▶ EXERCISE:
Pictures in the entries below are excluded; copy only the lines from the one containing "Elegant and functional" to the one containing "This is a vintage", both included.

▶ DATA FOR REVIEW:
BEGIN

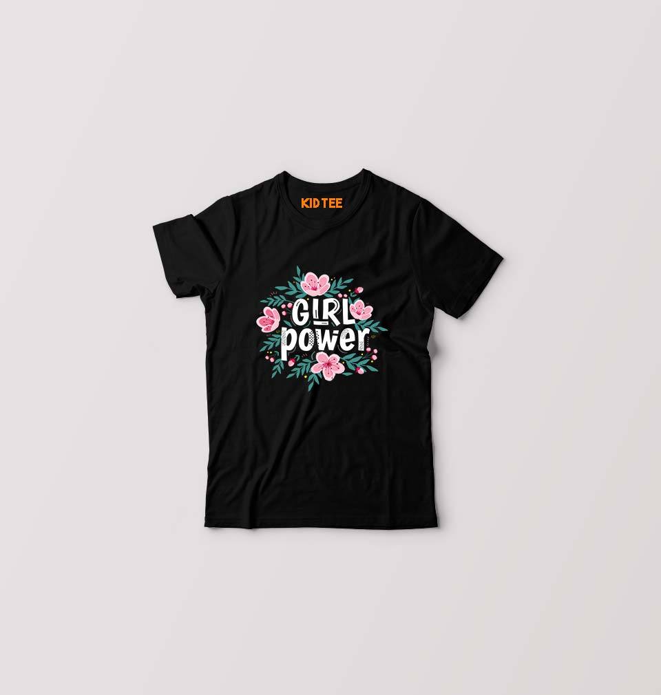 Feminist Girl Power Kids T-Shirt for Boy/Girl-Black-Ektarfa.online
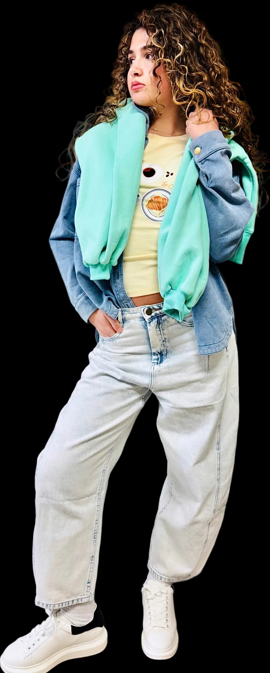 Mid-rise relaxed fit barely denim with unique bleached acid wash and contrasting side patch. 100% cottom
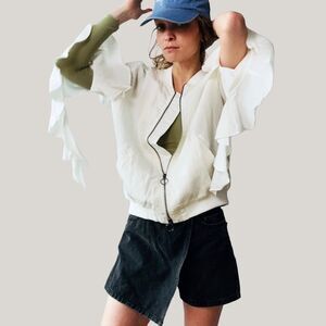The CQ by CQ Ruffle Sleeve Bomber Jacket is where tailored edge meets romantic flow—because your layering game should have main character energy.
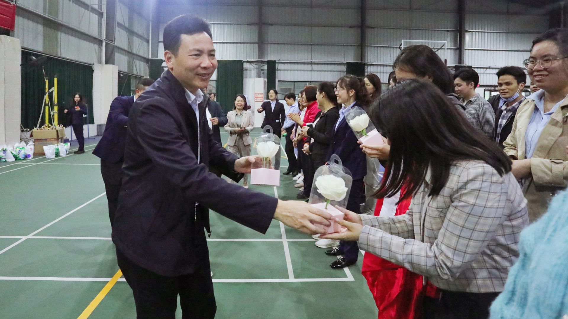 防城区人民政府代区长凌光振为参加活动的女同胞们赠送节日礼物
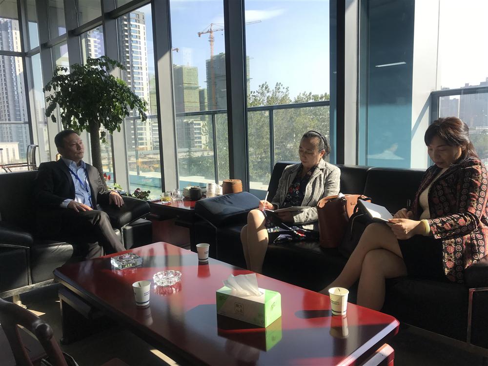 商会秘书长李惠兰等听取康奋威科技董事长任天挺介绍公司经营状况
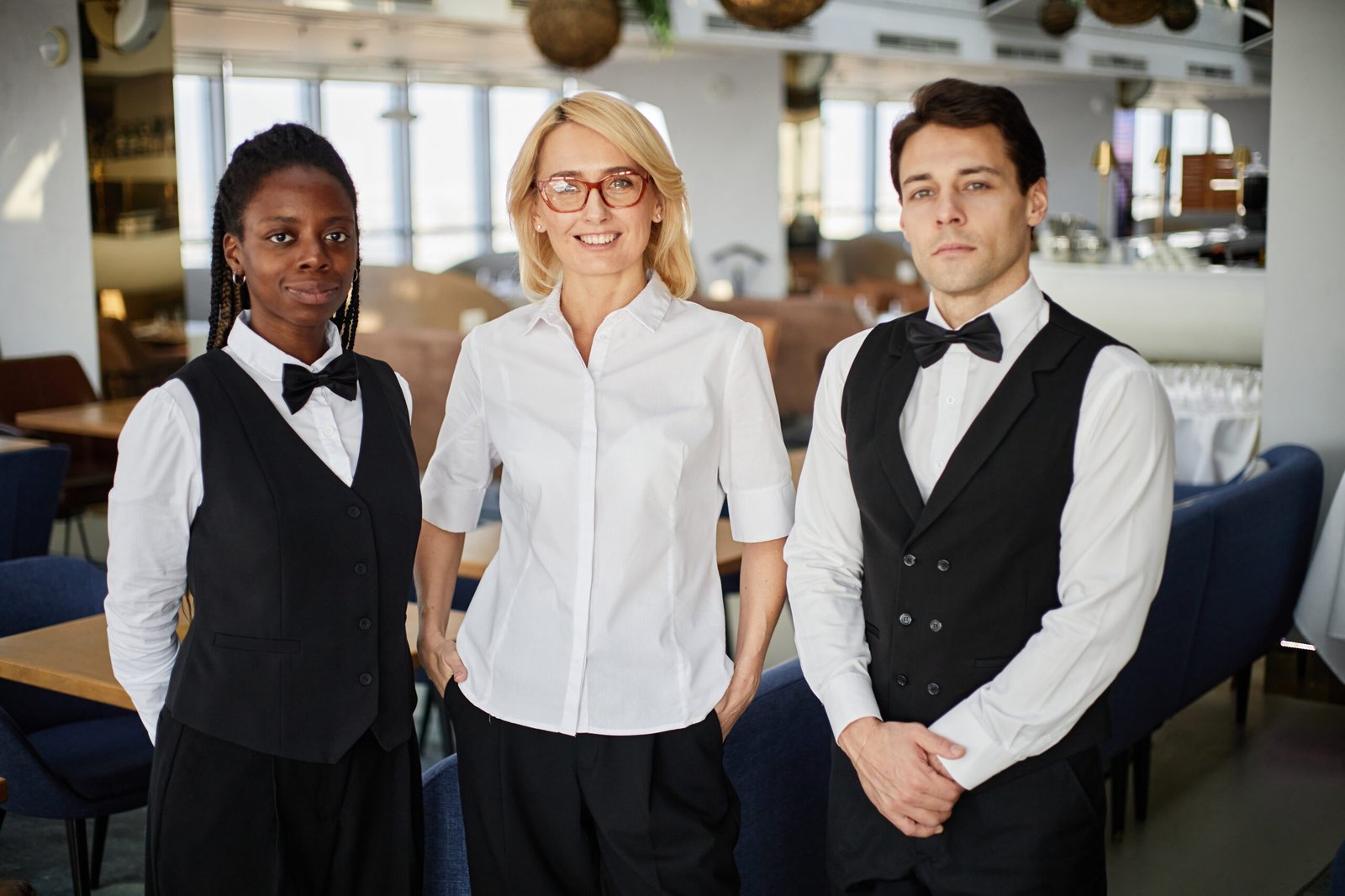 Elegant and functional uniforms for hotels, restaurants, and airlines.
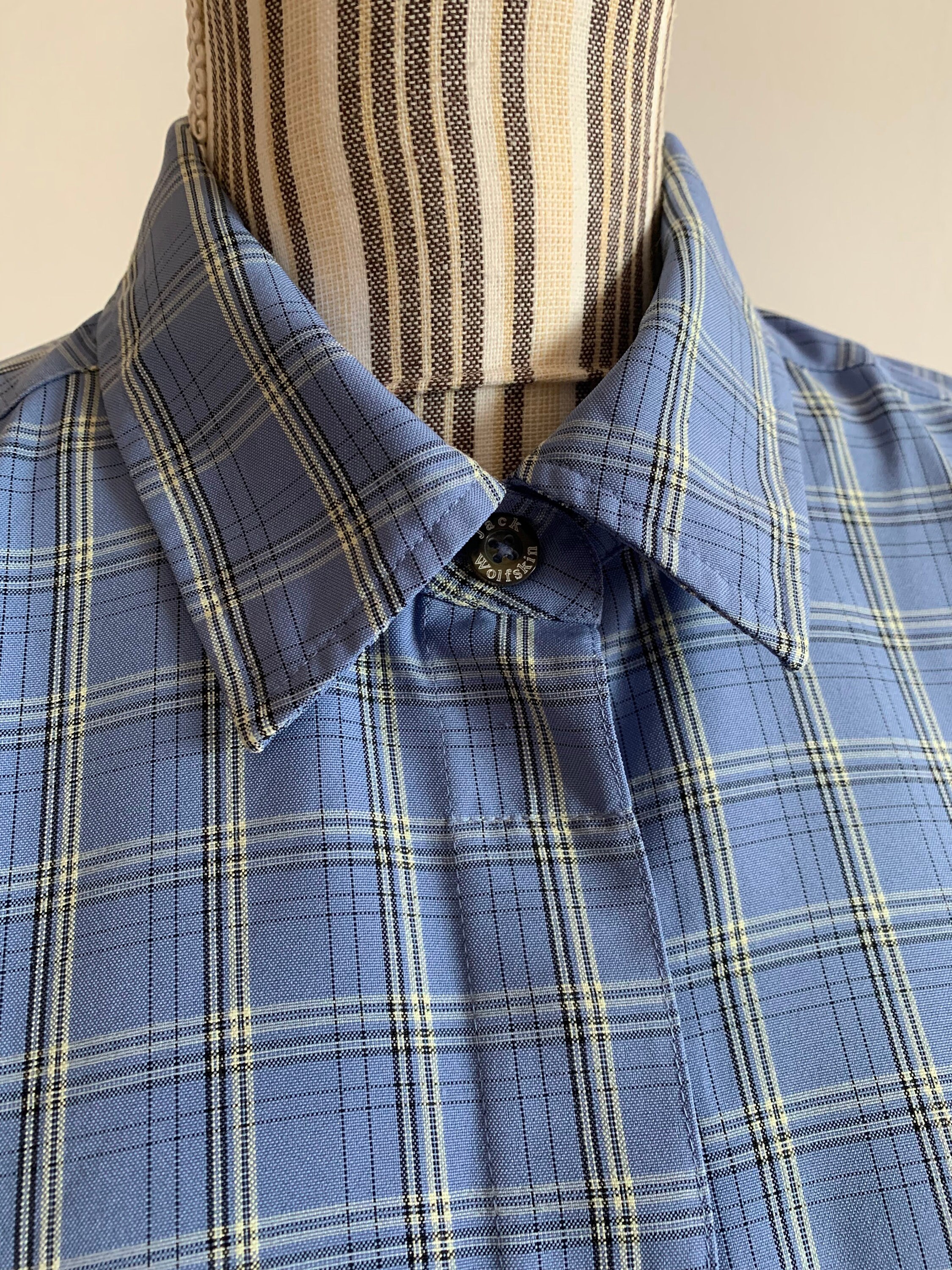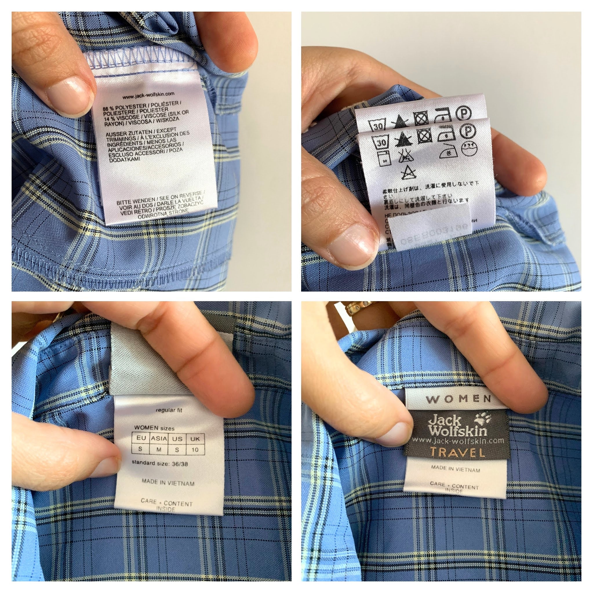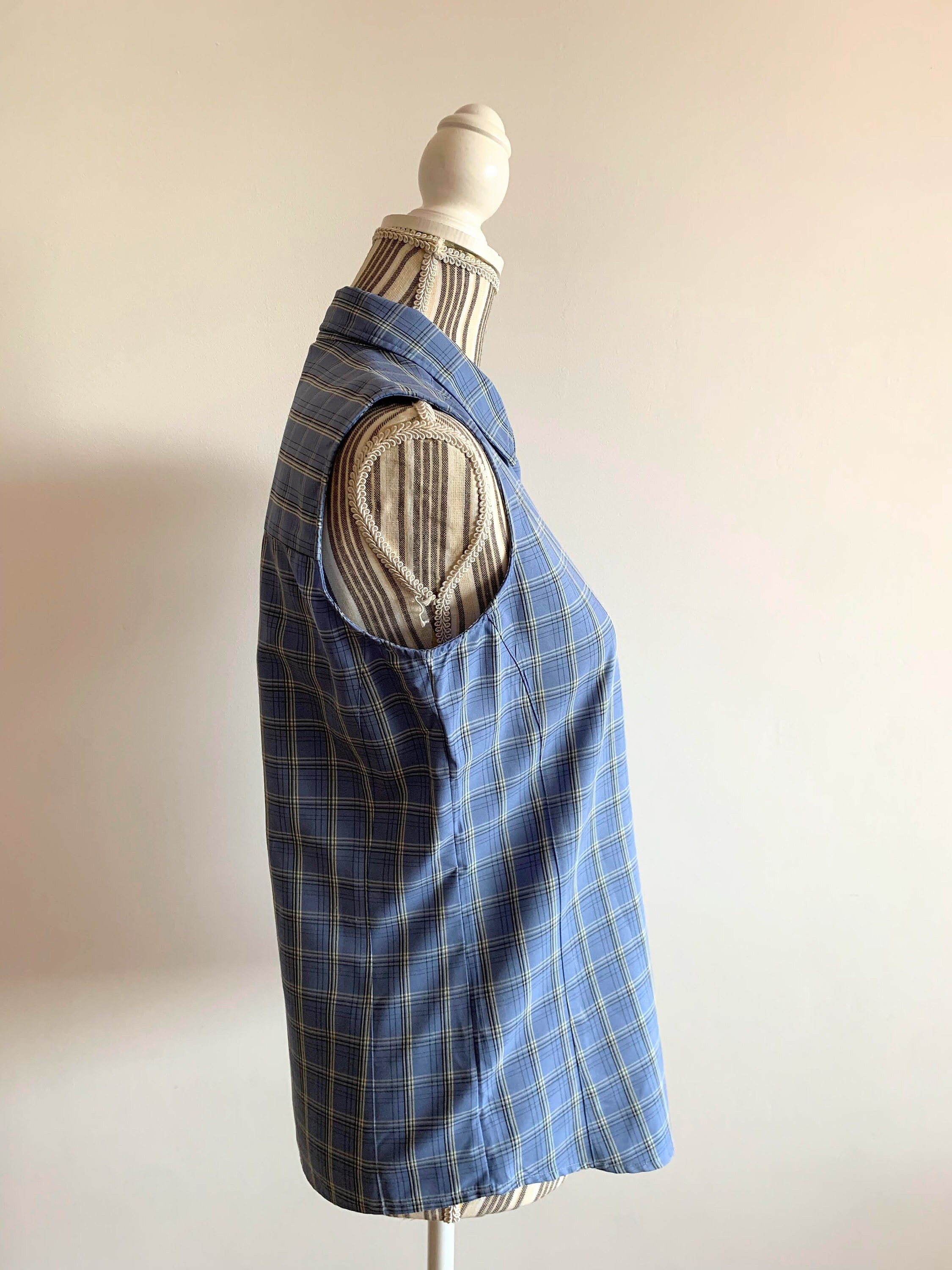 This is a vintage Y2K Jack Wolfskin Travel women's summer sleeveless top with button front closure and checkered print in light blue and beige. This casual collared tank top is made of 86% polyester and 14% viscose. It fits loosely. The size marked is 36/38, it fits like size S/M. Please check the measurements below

END
BEGIN

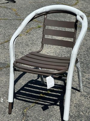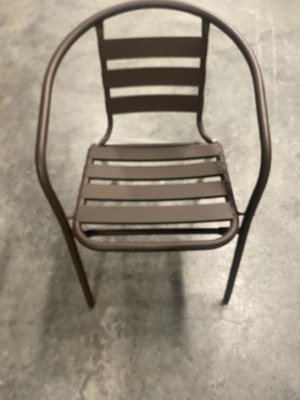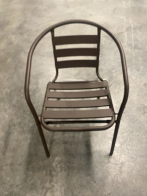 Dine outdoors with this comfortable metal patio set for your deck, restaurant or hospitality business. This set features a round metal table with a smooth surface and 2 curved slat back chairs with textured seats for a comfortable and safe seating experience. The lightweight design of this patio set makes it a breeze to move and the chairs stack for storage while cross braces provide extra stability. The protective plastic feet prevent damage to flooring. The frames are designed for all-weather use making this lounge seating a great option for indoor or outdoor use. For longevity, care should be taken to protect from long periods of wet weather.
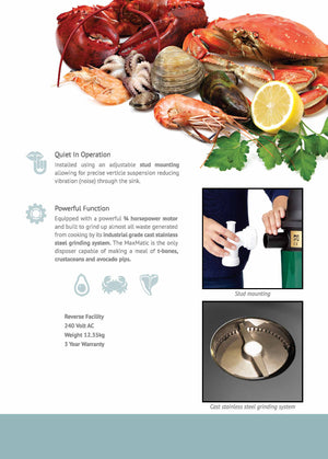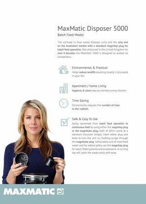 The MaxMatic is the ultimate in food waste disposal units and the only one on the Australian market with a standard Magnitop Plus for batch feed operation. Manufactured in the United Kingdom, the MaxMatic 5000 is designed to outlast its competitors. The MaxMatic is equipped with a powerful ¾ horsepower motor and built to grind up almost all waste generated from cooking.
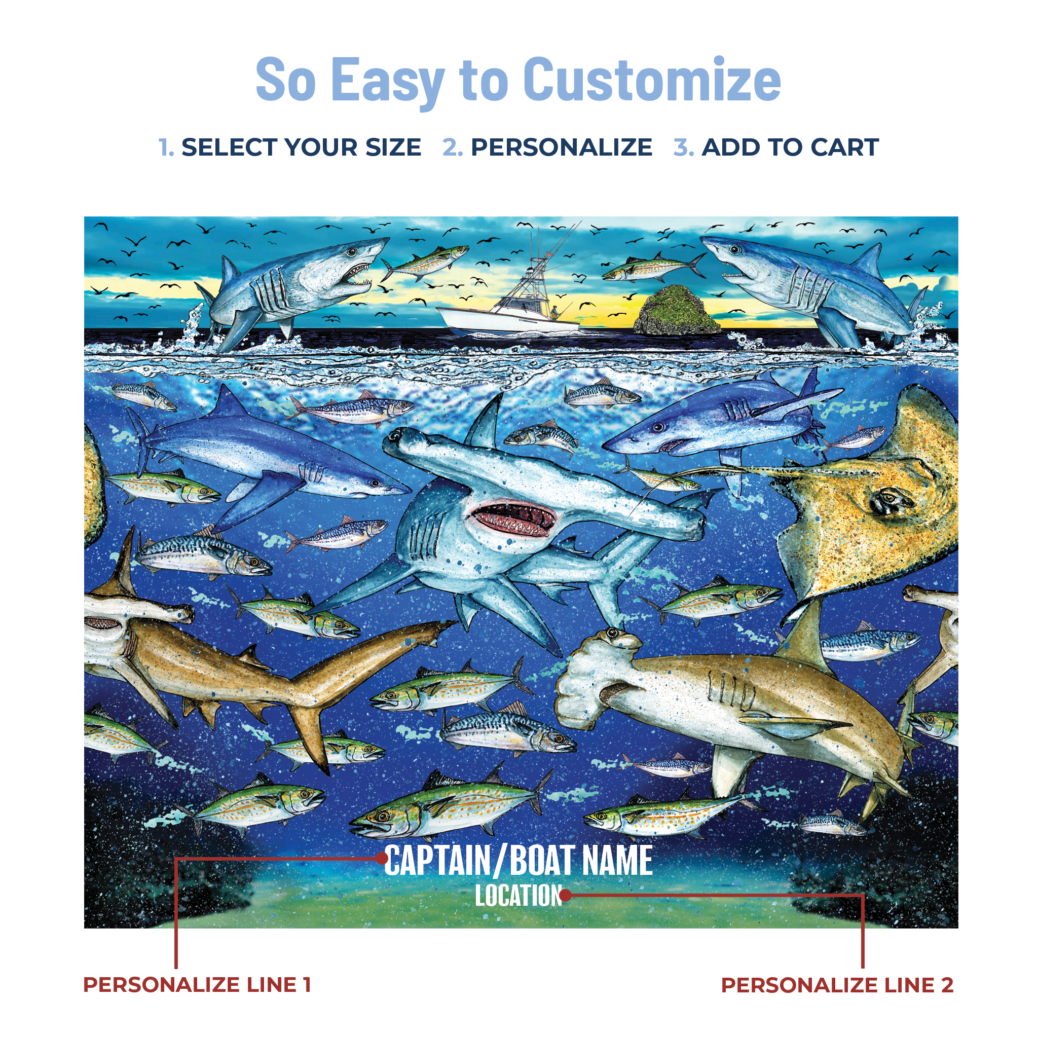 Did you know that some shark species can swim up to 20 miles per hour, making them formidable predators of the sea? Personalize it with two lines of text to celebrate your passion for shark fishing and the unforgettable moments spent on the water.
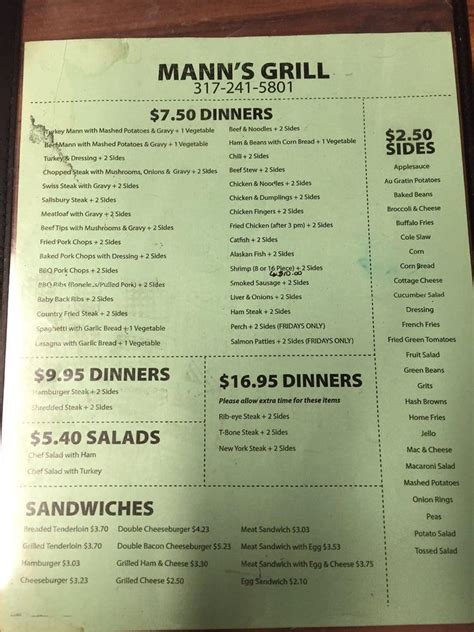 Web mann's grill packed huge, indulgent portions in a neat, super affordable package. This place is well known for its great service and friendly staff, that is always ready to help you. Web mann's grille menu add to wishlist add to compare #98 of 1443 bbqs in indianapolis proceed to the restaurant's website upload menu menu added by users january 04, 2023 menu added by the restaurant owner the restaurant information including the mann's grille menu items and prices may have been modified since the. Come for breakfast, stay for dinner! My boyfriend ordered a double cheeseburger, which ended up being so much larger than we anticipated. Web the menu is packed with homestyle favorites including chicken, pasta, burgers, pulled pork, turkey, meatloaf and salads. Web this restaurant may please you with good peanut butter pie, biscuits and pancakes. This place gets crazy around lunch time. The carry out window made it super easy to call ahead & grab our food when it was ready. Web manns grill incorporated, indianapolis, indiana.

END

▶ WRITTEN SOLUTION:
 Elegant and functional uniforms for hotels, restaurants, and airlines.
 This is a vintage Y2K Jack Wolfskin Travel women's summer sleeveless top with button front closure and checkered print in light blue and beige. This casual collared tank top is made of 86% polyester and 14% viscose. It fits loosely. The size marked is 36/38, it fits like size S/M. Please check the measurements below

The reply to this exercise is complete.